Similarly in January 2022, the Delhi High Court allowed a 28-week pregnant woman to abort since there was substantial foetal abnormality. Justice Jyoti Singh had observed that reproductive choice is a facet of the reproductive rights of a woman and a dimension of her personal liberty enshrined in Article 21 of the Constitution.

The medical board of the All India Institute of Medical Sciences submitted there was a major foetal abnormality in the form of a rare congenital heart disease coupled with anomalies found via the assessment of the paediatric cardiologist and neonatologist. The board’s report said the chances for the foetus of a successful outcome were 80% if operated on in time and optimally managed with regular follow-up. The report further stated that the child would require follow-up in cardiology and cardiac surgery two-three times per year initially and annually thereafter.

Whenever such stories on court-mandated abortions come up, one remembers the death of Savita Halappanavar, who died in Galway, Ireland, in October 2012, after being refused an abortion. Ireland at the time banned abortions if there was a fetal heartbeat present. In 2018, following the outcry over Halappanavar’s death, Ireland cleared a law on abortions, five days before Christmas that year. The strange thing is that the Supreme Court of Ireland had in 1992 itself allowed ending pregnancies when a pregnant woman’s life is under threat from the pregnancy. It also didn’t exclude the risk of maternal suicide. 

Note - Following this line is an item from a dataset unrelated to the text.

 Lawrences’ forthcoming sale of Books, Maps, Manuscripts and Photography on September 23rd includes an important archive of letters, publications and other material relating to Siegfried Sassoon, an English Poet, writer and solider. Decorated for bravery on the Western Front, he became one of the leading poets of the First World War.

Court-sanctioned abortions in India have gone beyond the doors of matrimony. The Supreme Court bench of Justice DY Chandrachud (before he became chief justice of India), Justice AS Bopanna and Justice JB Pardiwala held the 2021 amendment to the Medical Termination of Pregnancy Act did not distinguish between married and unmarried women. The Court was deciding on whether it was valid for unmarried women to be excluded from Rule 3B of the Medical Termination Rules. The rule mentions the categories of women whose pregnancy can be terminated when the age of the foetus is between 20 and 24 weeks. The Court held that if Rule 3B(c) was to be applied only to married women, it could end up implying only married women indulged in sexual activities, which was clearly not the case. The bench’s extending the law to include unmarried women was seen as signifying societal decadence and all that is evil and against Indian civilisation, and the judges were social media fodder last year.

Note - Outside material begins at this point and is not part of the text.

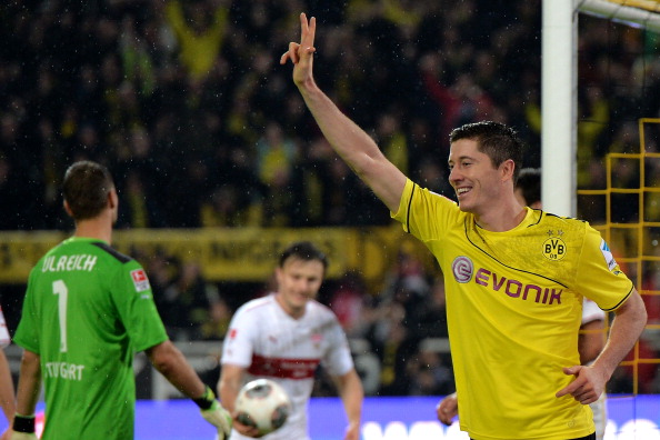 Отборът на Борусия (Дортмунд) надигра повече от категорично Щутгарт с 6:1 в домакинството си от 11-ия кръг в Бундеслигата. Домакините на "Сигнал Идуна Парк" демонстрираха прекрасен футбол, особено през втората част, и не оставиха шансове на своя съперник. "Швабите" първи откриха резултата чрез Карим Хагуи в 13-ата минута, но след това Сократис в 19-ата, Марко Ройс в 23-ата, хеттрик на Роберт Левандовски в 55-ата, 56-ата и 72-ата минута и попадение на Пиер-Емерик Обамеянг в 81-ата минута обърнаха нещата в полза на дортмундци. Така Борусия поне временно оглави класирането преди изиграването на останалите мачове от кръга.

In this light, the recent decision of the Supreme Court of Mexico to term all laws against abortion as unconstitutional and as violative of women’s rights would be welcomed in the US where the Roe vs Wade decision was overturned this year. Like Ireland, Mexico is largely Catholic. Savita Halappanavar’s death in Ireland in 2012 was ascribed by TV anchors to the country being Catholic, which was clearly not the case. And just like in the US, the war between the federal Mexican government and the governments in the country’s states will be long-drawn-out. In America, states have been eyeing harsher measures against abortion after the US Supreme Court decision.

Mexico has also been split almost vertically over abortion, like its northern neighbour. Many in Mexico saw this as a victory of women’s rights and a victory long overdue. On the other hand, pro-lifers in Mexico are now gearing up to fight a new battle in getting the state to guarantee the right to life from the moment of conception.

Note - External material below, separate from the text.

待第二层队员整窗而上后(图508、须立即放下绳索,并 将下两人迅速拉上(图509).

Courts in India have not been on the frontfoot on medical termination of foetuses at the first court level, and most of the decisions have been at the level of the High Courts and the Supreme Court. There must be a study on why it is so, or does only the higher judiciary see the merit in the fundamental rights of the individual?

The Bharatiya Nyaya Sanhita Bill, the proposed legislation that seeks to replace the Indian Penal Code, is clear on punishing gang-rapists of minor girls with the death sentence. But stricter monitoring of what happens in the case of minors preyed upon by immediate family cannot be enforced by the letter of the law alone.